第三天早上,沈晚棠被一阵急促的敲门声吵醒。
天刚蒙蒙亮,窗户纸灰白灰白的,她翻了个身想继续睡,那敲门声又响了,这回更急,砰砰砰的,像是有人在拿拳头砸门。
她坐起来披上衣服走出去,院子里的露水还没干,枣树叶子湿漉漉的。
小周已经跑过去开了门,门板一拉开,一个人影跌跌撞撞地闯进来,差点撞在小周身上。
“二妹妹!”
是沈明昭。
他脸色发白,嘴唇干裂,像是跑了很远的路,衣裳前襟湿了一大片,不知道是汗还是露水。
头发乱糟糟的,几缕贴在额头上,眼睛红红的,喘得厉害。
他看见沈晚棠从堂屋出来,快步走过来,脚步虚浮,走两步踉跄了一下,扶着石桌站住了。
“二妹妹,互市关了!”
沈晚棠眉头一皱,“什么叫互市关了?”
“今天早上我刚到互市,门就关了,巴图说昨天半夜北狄那边来了一队兵马,把互市给封了,里面的人全被赶出来了,货物也不让带走。我、我是穆图帮我跑出来的,他让我赶紧走,说北狄人不对劲。“
沈晚棠看着他,“北狄人不对劲是什么意思?”
“就是、就是打仗的意思。”
沈明昭喘了口气,“巴图说往年北狄人入秋才来,今年夏天还没过完就动了,他让我赶紧来告诉你,说你们家那批货还在他那儿没来得及送,他先收着,等开了再送。”
沈明昭话还没说完,萧景呈已经从屋里出来了,他披着一件单衣,头发还没束,脸上有一道枕头压出来的红印子,但眼睛已经清明得很。
“互市关了?”
沈明昭转头看他,“关了,一大早就封了,巴图说北狄人有兵马在互市北边扎营。”
萧景呈脸上的表情没什么变化,但脚步已经动了,他转身回屋系好腰带披上外袍,从墙上摘下那把刀别在腰间,走到院子里的时候只说了两句话。
“小周,备马。”他又看了沈明昭一眼,“你在这儿待着,别出去。”
沈明昭站在原地,嘴唇动了动,点了点头,沈晚棠已经回了屋穿好外衣系上腰带走出来,正看见萧景呈翻身上马。
“你去哪儿?”
“军营。”
“我也去。”
萧景呈勒住马回头看她,沈晚棠已经走到灰马旁边解了缰绳,翻身上马的动作利索得不像话。
她坐在马背上看着他,“你别跟我说别去,我去了能帮你看着。
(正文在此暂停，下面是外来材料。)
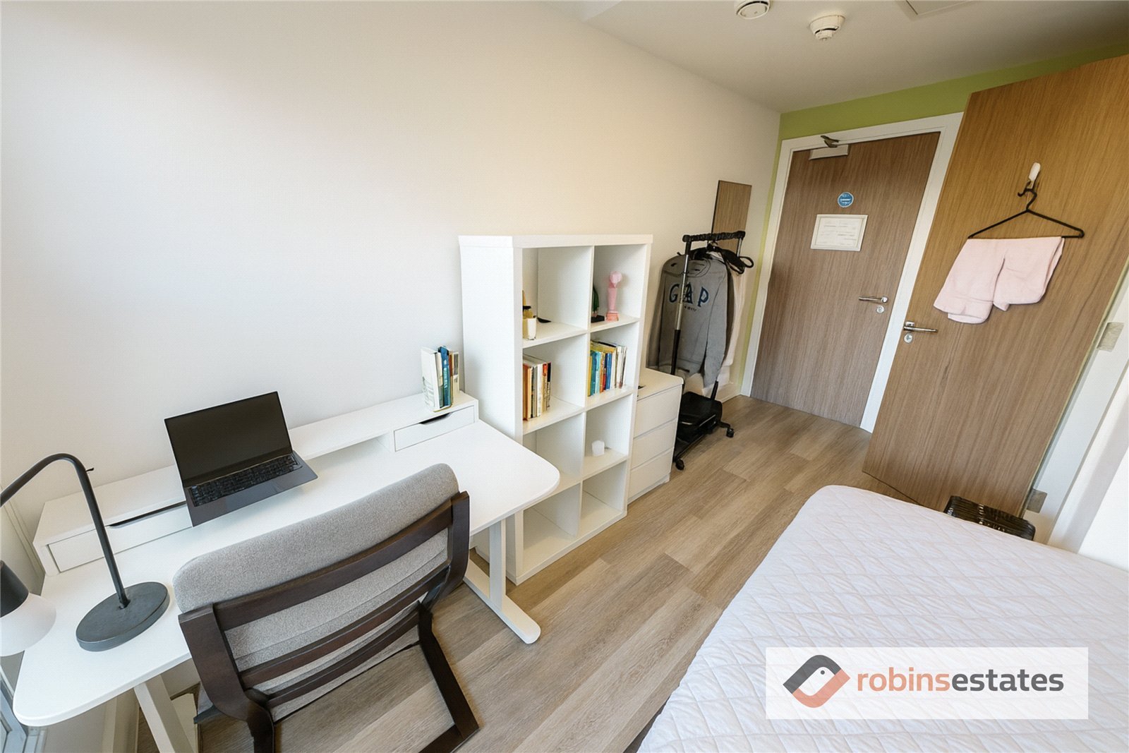 Set within The Express Building on Upper Parliament Street, Studio 12 offers a modern open-plan living space with a characterful twist. The L-shape layout creates a natural flow through the studio, with a secluded kitchen area that feels separate while still maintaining an open design. Neutral green tones complement the light walls, adding calm, contemporary style to the space. With a double bed and private en-suite, this studio brings an inviting, quirky feel to city-centre living.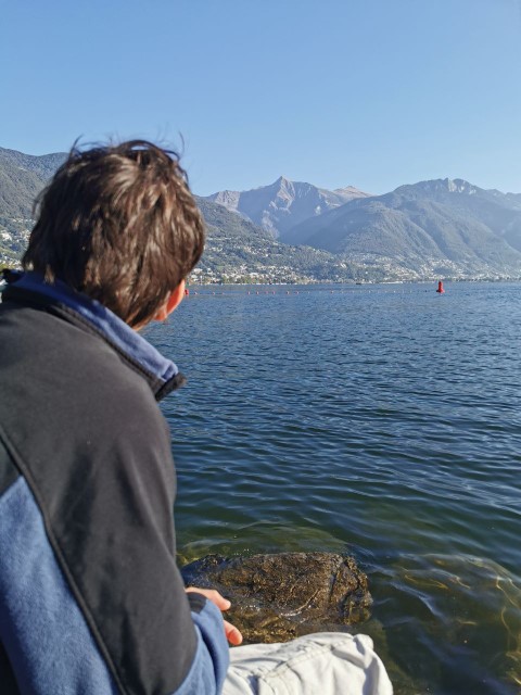 Am Mittag hiess es dann aber leider, schon wieder, adieu. Wir machten uns auf den Weg nach Hause, wobei ein letzter Stopp im Tessin geplant war. Die Fahrt bis Como verlief ganz gut. Bei den Zahlstellen waren wir schon ein eingespieltes Team. Ich fuhr nah an das Bedienelement und meine Freundin machte dann die Zahlung, so kamen zügig wieder weg. Doch schon früh vor Como wurde ein langer Stau angezeigt, irgendwo um Como. Also verliessen wir mit der letzten Ausfahrt vor Como, die Autobahn. Heinz Günther führte uns durch die Dörfchen des Grenzgebietes, bis wir irgendwann in der Schweiz ankamen. Wir wollten wieder nach Locarno, da wir dort einen Freund besuchen wollten. An diesem Tag gab es etwas mehr Verkehr vor Locarno und bald standen wir in einer kleinen, durchaus noch durchsichtigen, Wolke. Irgendwo schwitzt die Suzuki GS. Doch auch dieser Stau endete irgendwann und wir kamen wieder auf dem Camping Delta an, hatten sogar den selben Platz. Zu meiner Freude stand noch ein weiteres Motorrad da, eine Tenere 700, leider ohne Zelt und Besitzer. Am Abend ging es dann in die rund 10 Gehminuten entfernte Therme. Diese hat verschiedene Innenbäder und ein grosses Aussenbad mit Sicht auf den Lago Maggiore und das dahinter liegende Panorama. Was für ein Abschluss, das war sehr schön und erholsam.
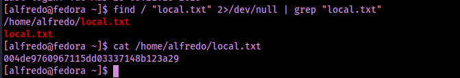 Now that I was on the machine, I could get my first flag using find / "local.txt" 2>/dev/null | grep "local.txt". I proceeded to read the flag using cat /home/alfredo/local.txt.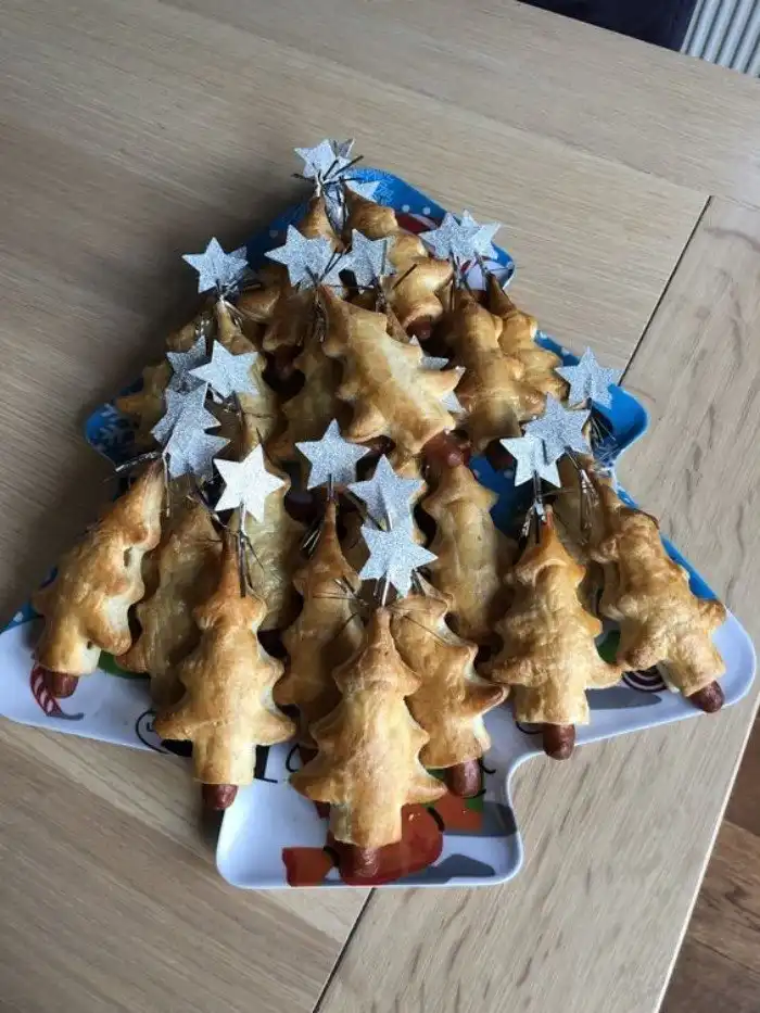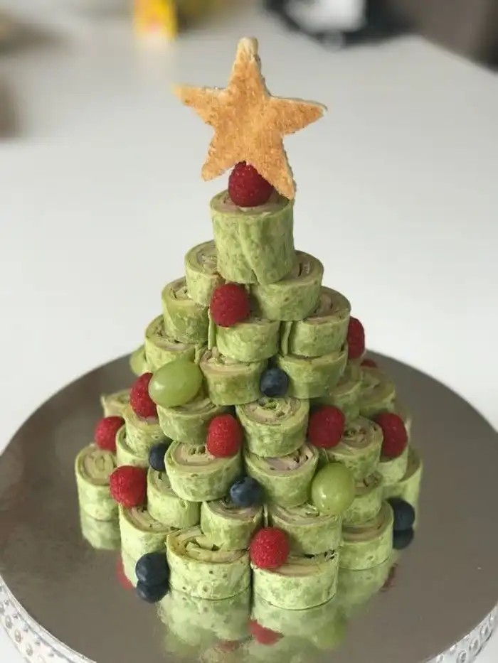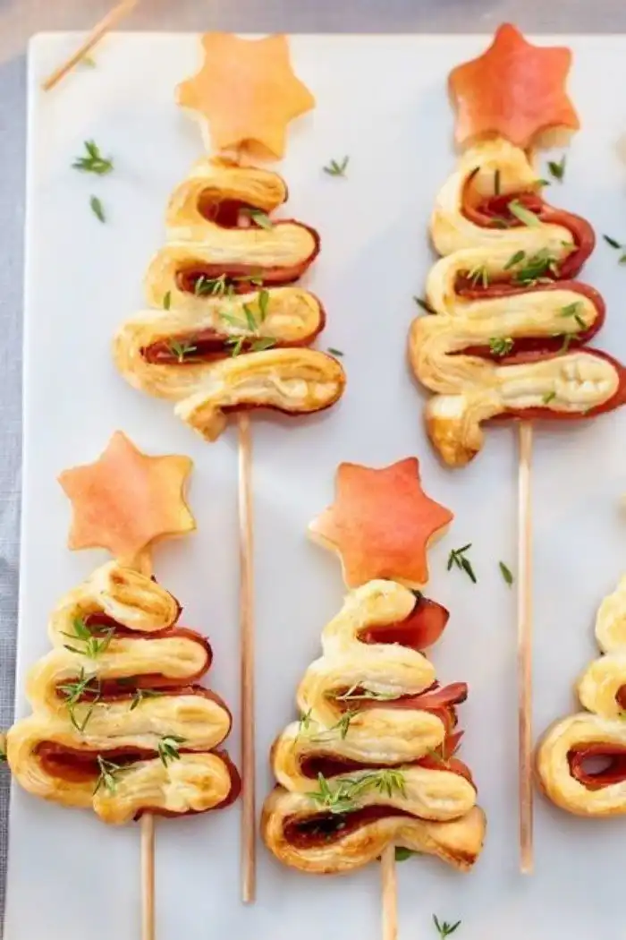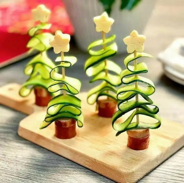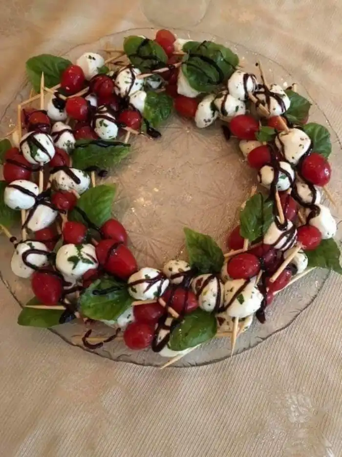 Выложить закуски в форме новогоднего венка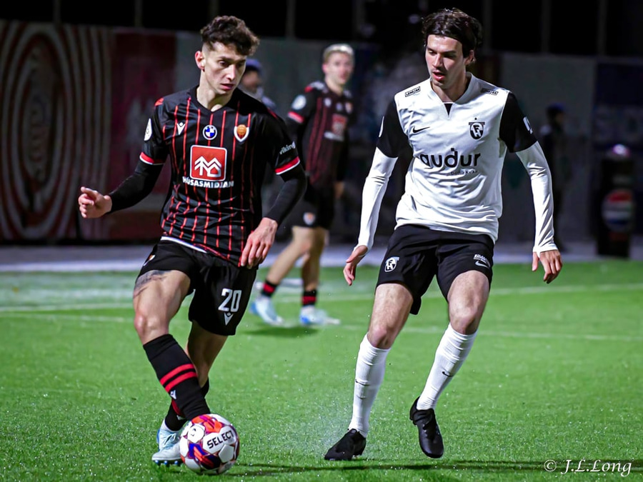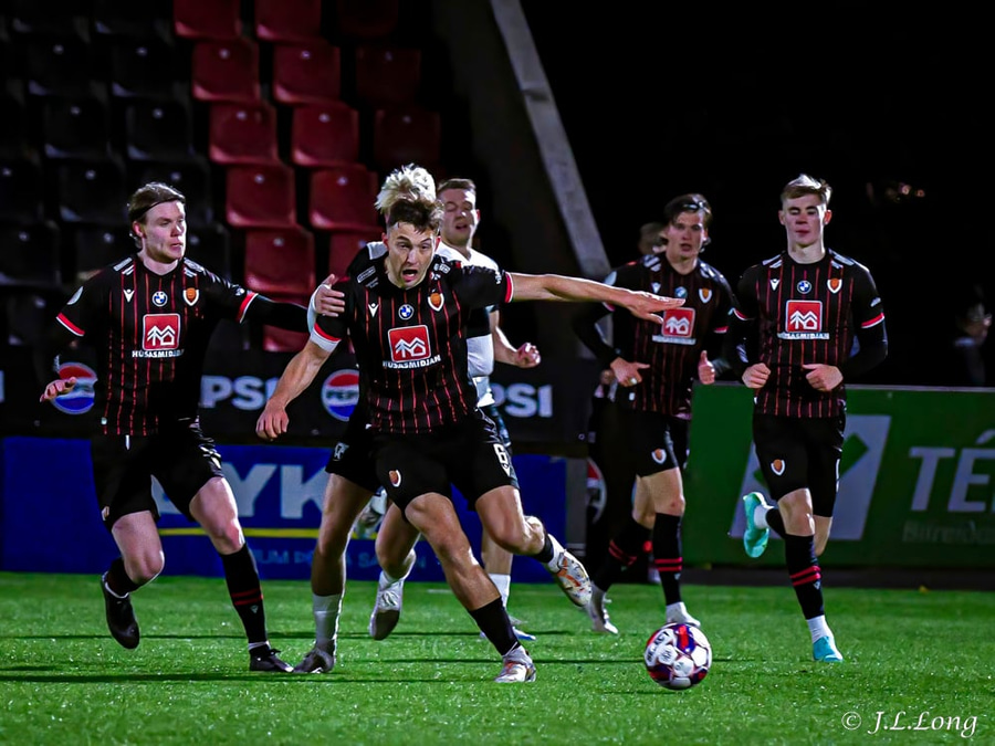 Ingimar Stöle með góða fyrirgjöf á fjærstöngina þar sem Kristján Flóki er mættur og skallar boltann í varnarmann og aftur fyrir.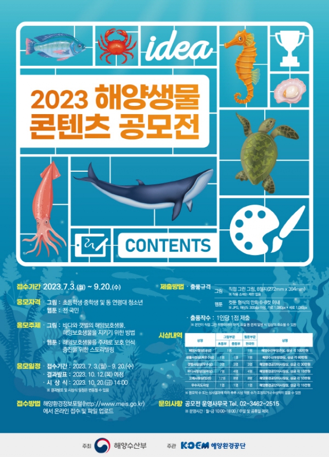 - ☏ 2023 해양생물콘텐츠공모전 운영사무국(02-3462-2515)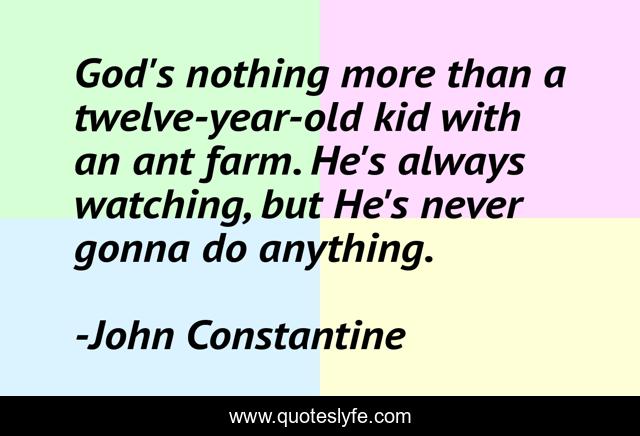 This page presents the quote "God's nothing more than a twelve-year-old kid with an ant farm. He's always watching, but He's never gonna do anything.". Author of this quote is John Constantine. This quote is about god, theology,.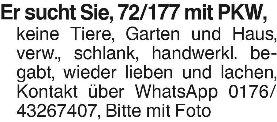Er sucht Sie, 72/177 mit Er sucht Sie, 72/177 mit PKW, keine Tiere, Garten und Haus, verw., schlank, handwerkl. begabt, wieder lieben und lachen, Kontakt über WhatsApp 0176/43267407, Bitte mit Foto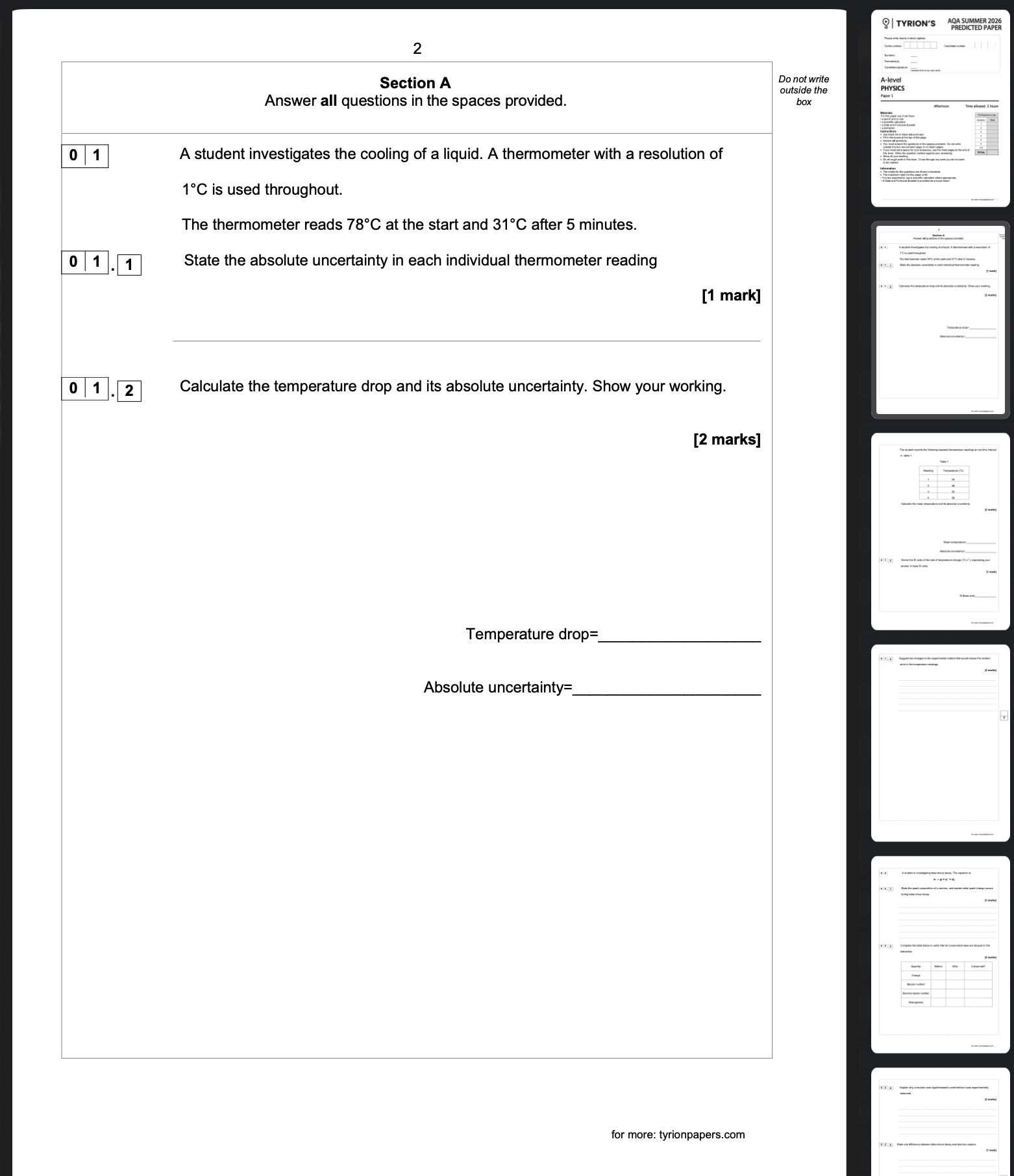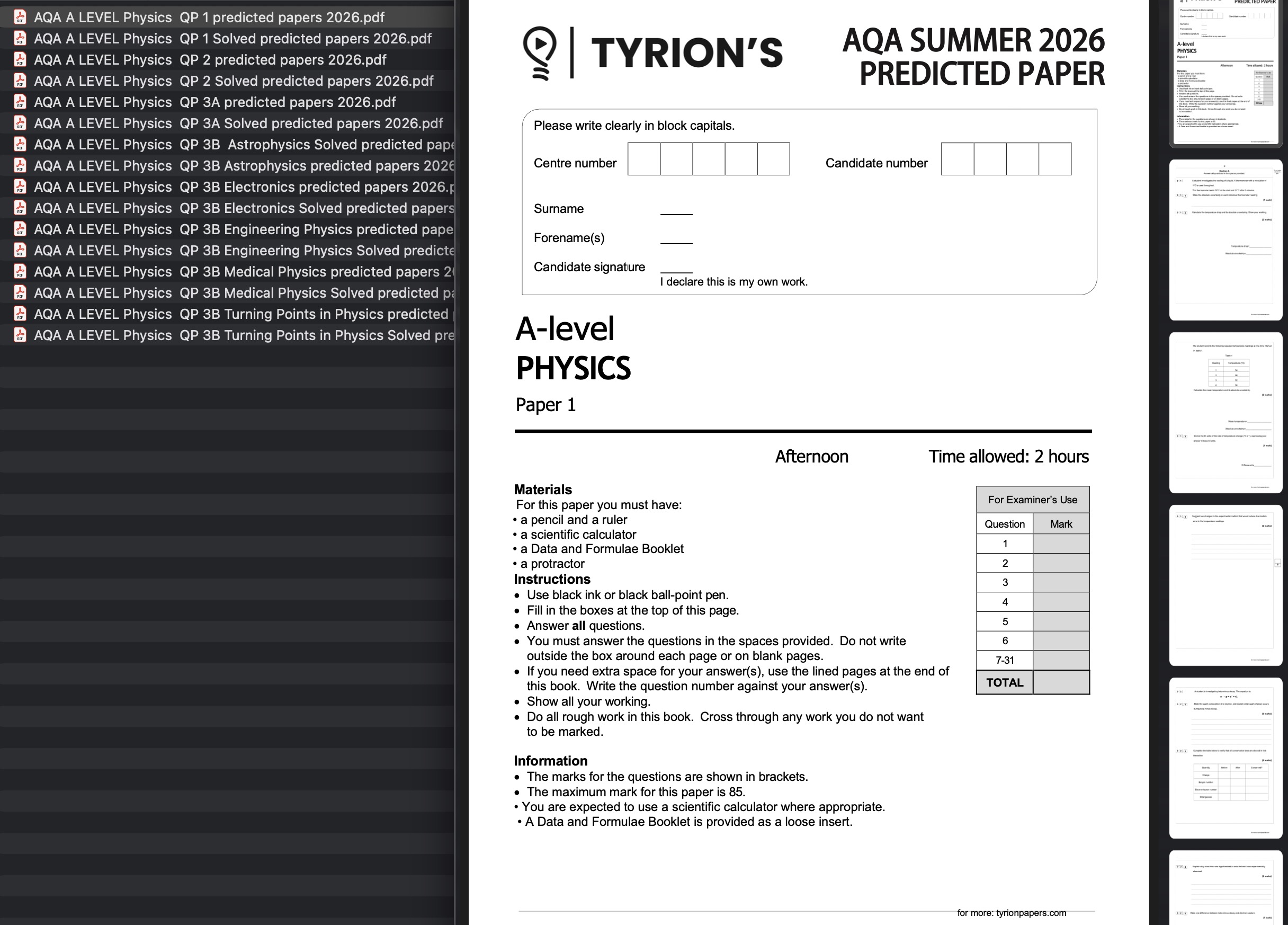Boost your exam preparation with the AQA A Level Physics 2026 Predicted Papers. Designed for students aiming for top grades, this comprehensive resource features practice questions that mirror the style and content of the upcoming exams. Each paper is carefully crafted to help you identify key topics, enhance your understanding, and build confidence. Ideal for revision sessions or self-study, these predicted papers are an invaluable tool to ensure you’re fully prepared for your  exam. Achieve your best with targeted practice and expert insights!

”
萧景呈盯着她看了两秒,没说去也没说不去,夹了一下马肚子,黑马窜了出去,沈晚棠跟在他后面,灰马跑得也快。
沈明昭站在门口看着两人一前一后出了巷子,回头看了看空荡荡的院子,又看了看蹲在枣树底下缩成一团的小周。
“我怎么办?”
小周抬起头看着他,“将军说了,让您在这儿待着。”
沈明昭蹲在门槛上,双手抱着脑袋,他觉得自己刚才跑得太急,现在腿还在抖。
到了军营门口的时候,萧景呈翻身下马,把缰绳扔给门口的卫兵,大步往里走。
沈晚棠跟在他后面,两人一前一后穿过操场走进营房,萧景呈走到桌边,铺开那幅地图,手指点在互市的位置上。
“互市北边是哪几个部落?”
沈晚棠站在他旁边,看着地图上那个被圈起来的小圈。
她虽然不认得那些北狄部落的名字,但从萧景呈按在地图上的指节发白的程度来看,这次的事不小。
操场上已经响起了号角声,呜呜的,拖长了调子,一声接一声。
士兵开始跑动起来,脚步声杂乱但快,有人喊着口令,有人搬着兵器箱子从营房之间跑过去。
沈明昭最后还是跟过来了,他骑着灰驴一路颠到军营门口,被卫兵拦住了,报了沈晚棠的名字才被放进来。
他找到营房的时候萧景呈正站在桌前跟几个军官说话,沈晚棠站在旁边听着,他不敢进去,蹲在门口门槛上等着。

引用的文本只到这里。